Но тетя Манечка все же решила, что риск не велик, тем более, что от нее Чернов просил всего лишь уважительное и теплое письмо к известной писательнице Ольге Дмитриевне Форш, а писать такие письма тетя Манечка умела.

Взяв письмо в зубы, Чернов отправился в Питер к Форш. Почему именно Форш? Тайна была неглубокой — Форш на самом деле не Форш, а Комарова — двоюродная сестра Владимира Леонтьевича и близкий ему человек, а следовательно, близкий и Чернову.

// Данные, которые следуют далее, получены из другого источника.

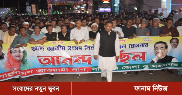 দ্বাদশ জাতীয় সংসদ নির্বাচনের তফসিলকে স্বাগত জানিয়ে আনন্দ মিছিল করেছেন ক্ষমতাসীন আওয়ামী লীগ ও সহযোগী সংগঠনের নেতাকর্মীরা।
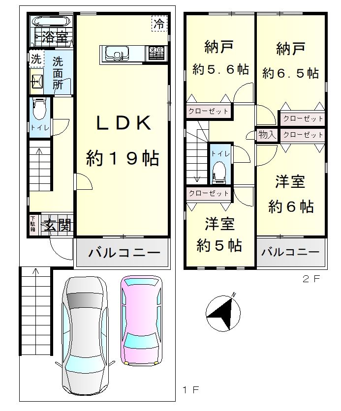 The property is equipped with numerous desirable features. The kitchen comes with a dishwasher-dryer, and the bathroom includes a reheating function for the bath and a bath dryer, perfect for drying laundry on rainy days and keeping the bathroom fresh. For security and convenience, the home has a camera-equipped intercom and post. Each room is fitted with a closet, and there is additional storage under the stairs and in the second-floor hallway. The house also includes a shoe cupboard and features two balconies, one on each floor. A significant advantage is the provision of parking space for two cars, a valuable asset for families and guests. The property is south-facing, ensuring good natural light.
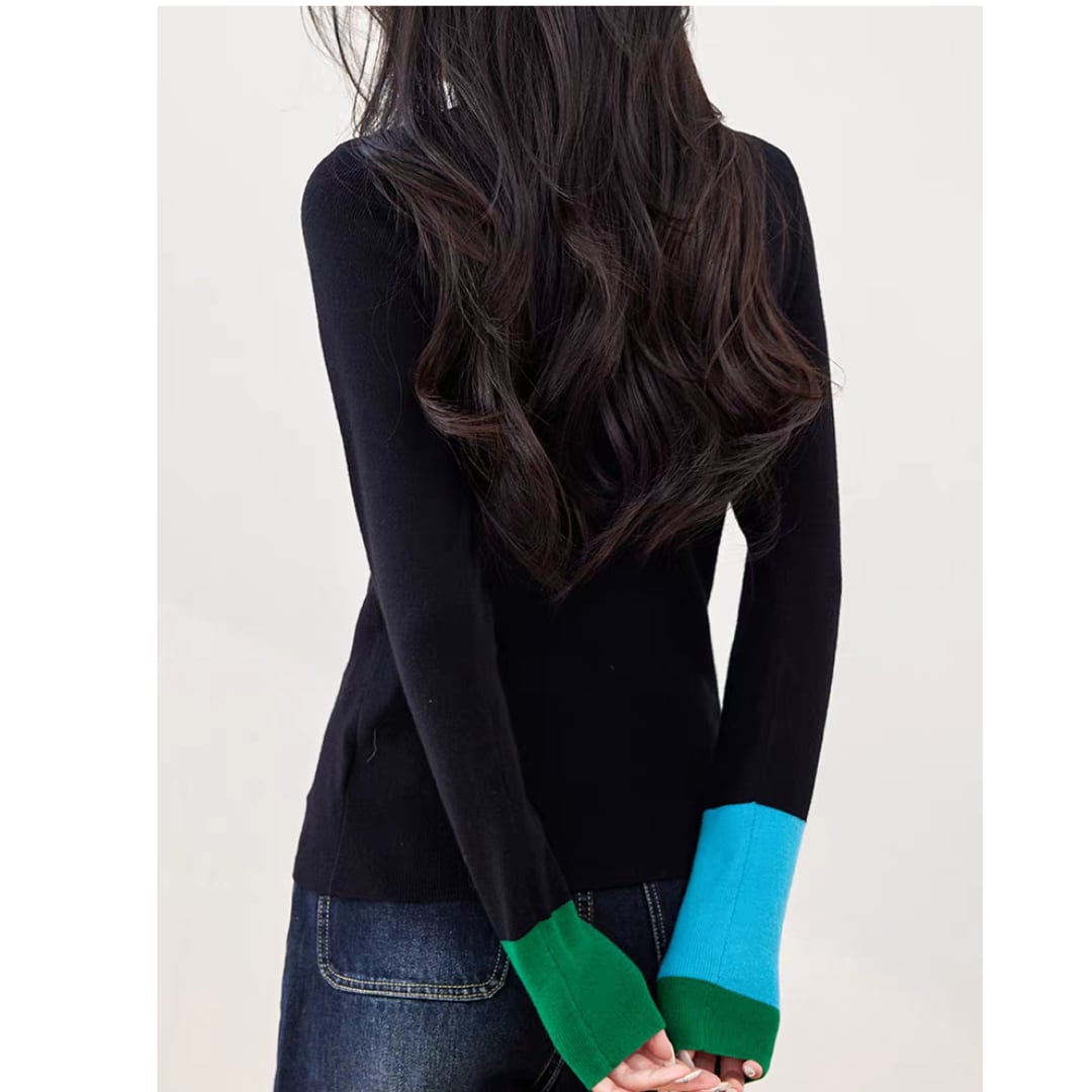 シンプルなブラックニットに、袖口のグリーン×ブルーがアクセントになったモードな一枚。
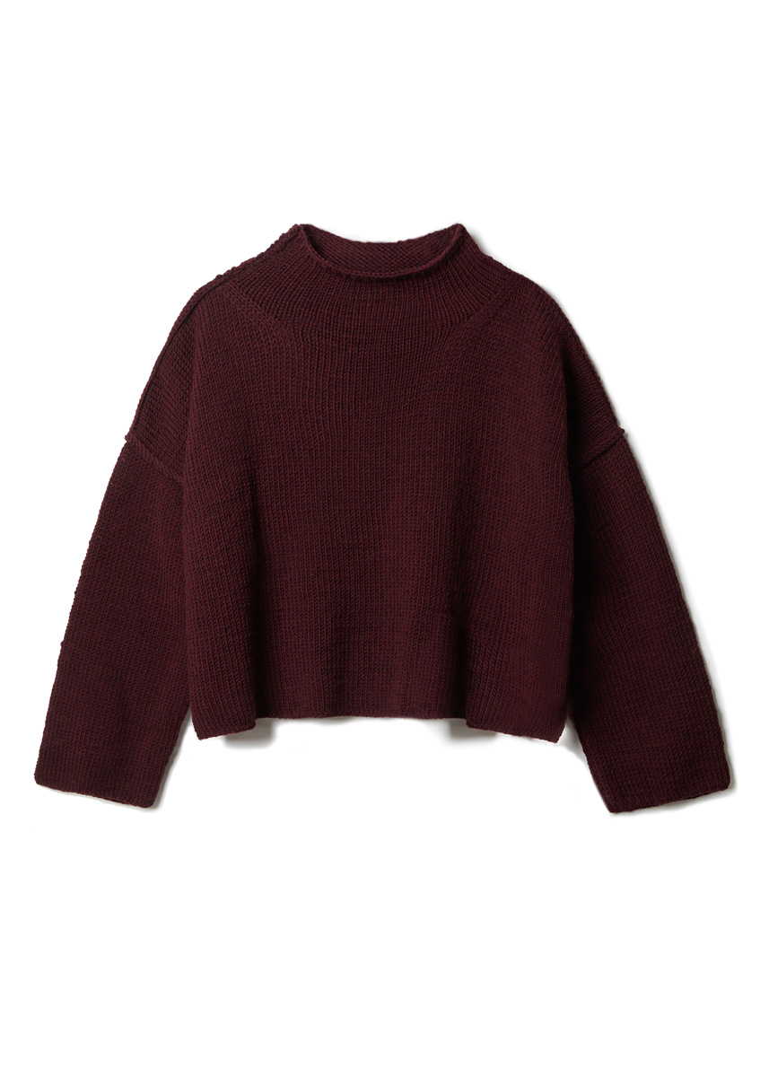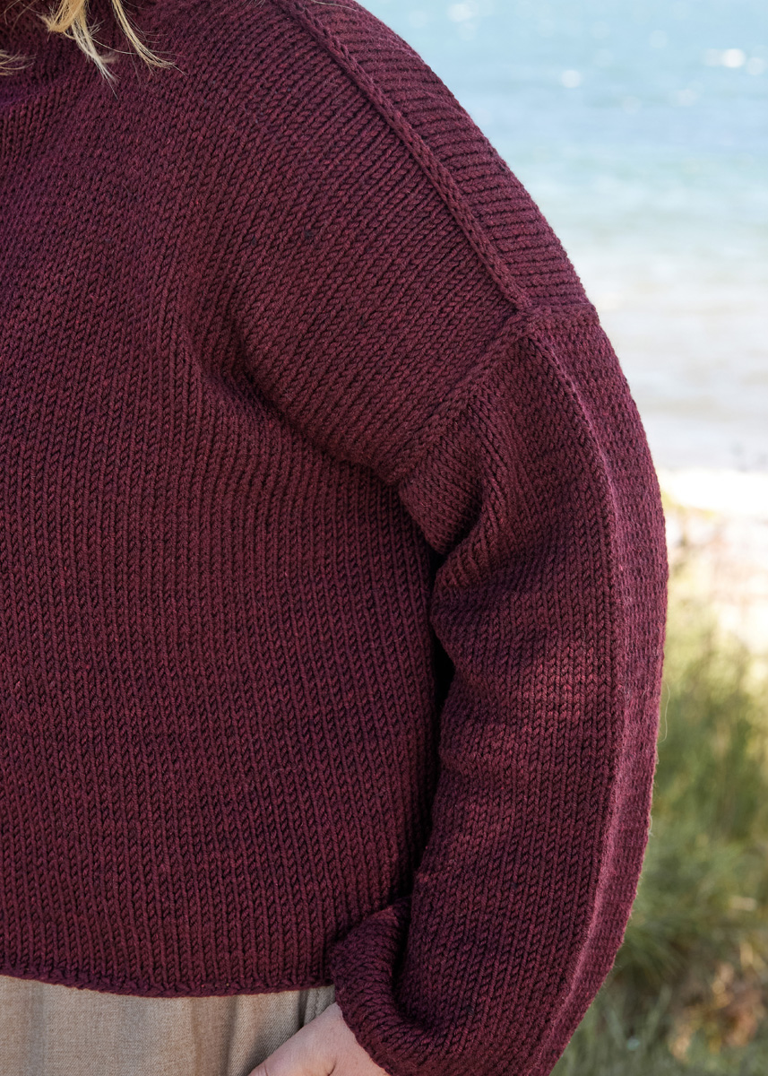 Lana Grossa Cool Wool Superbig Mélange (100% laine vierge (mérinos extrafine), long. de fil 80 m/50 g), 550 (600 - 650 - 700 - 750) g en bourgogne chiné (col. 203). Aig. à tric. n° 5 et 6 ; 1 aig. aux. pour mettre les m. en attente.
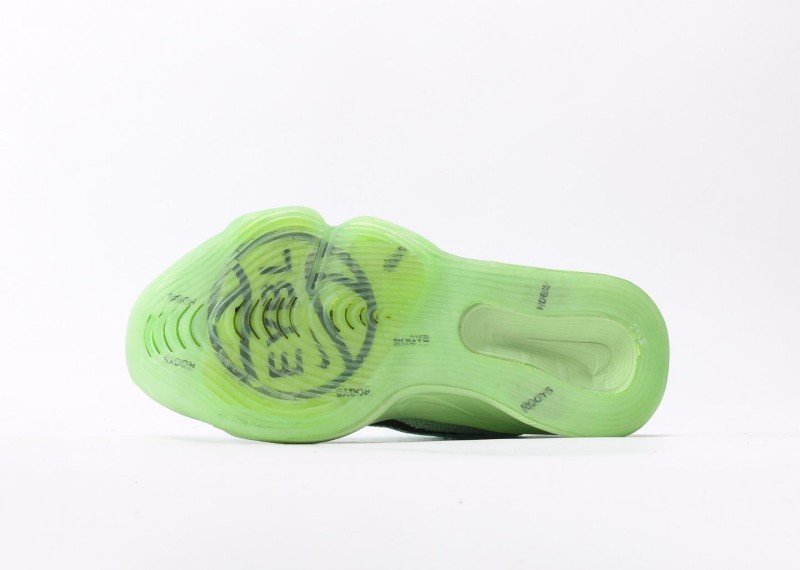 Black reflective Swoosh logo adorns the side panel, with integrated lacing system for streamlined silhouette. Transparent green outsole reveals internal ZOOM air units, showcasing advanced technology.
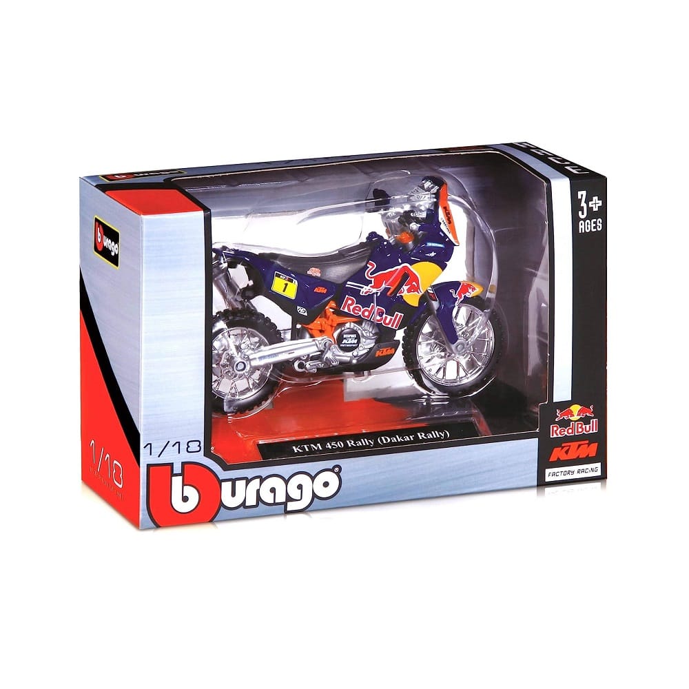 Officially licensed model of KTM 450 Dakar Rally in 1/18 scale by Bburago. Made with Diecast Metal and Plastic Edition. Ideal for collectors.
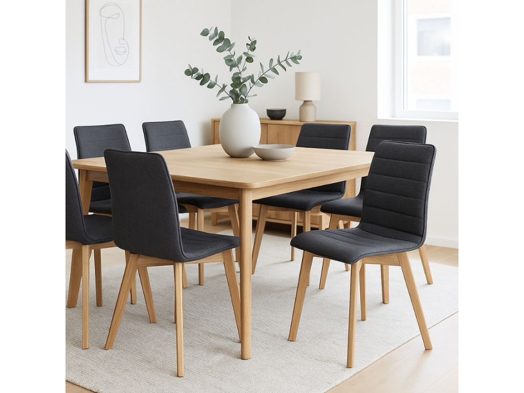 Kompaktní jídelní židle ROWICO GRACY díky svému modernímu designu skvěle zapadne do moderních interiérů. Židle je čalouněná látkou tmavě šedé barvy a čalounění je na přední straně ozvláštněno výraznými široké pruhy. Podnož židle má přírodní barvu a tvoří ji masívní dubové dřevo. GRACY je dostupná také ve světle šedém barevném provedení.
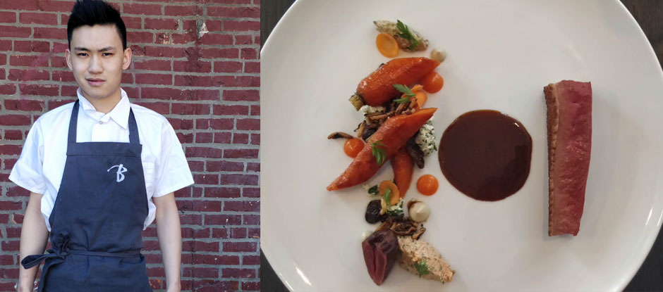 Header images: Andersen Lee and his dish with duck, carrot, shiitake mushroom and coffee

Форш ходила тогда в литературных патриархах, исторический уклон ее творчества был известен, и потому ее обращение непосредственно к Булганину об издании бесценного наследия Тарле выглядело вполне естественно. И тут начал срабатывать присущий Чернову организационный дар. Его знакомый из канцелярии тогдашнего премьера уговорил того подписать резолюцию об издании сочинений без всяких академических виз и согласований. Веселый маршал подписал, помня еще об отношении к Тарле Сталина и его окружения, о популярности Тарле в предвоенные и военные годы.

Чернов же обеспечил попадание этой резолюции к нужным людям прямо в издательский отдел Академии, минуя управление, где все могли спустить на тормозах. Он же обеспечил немедленное развертывание работ и заключение договора с тетей Манечкой. Вскоре она получила аванс за первый том и навсегда поверила в могущество Чернова.

Чернову удалось не только протащить большой объем собрания, но и за взятки, как он говорил, увеличить его тираж до 30 тыс. экз. (один академический тираж научного издания в академическом издательстве составлял тогда 10 тыс. экз.), что увеличивало гонорар на 160 %.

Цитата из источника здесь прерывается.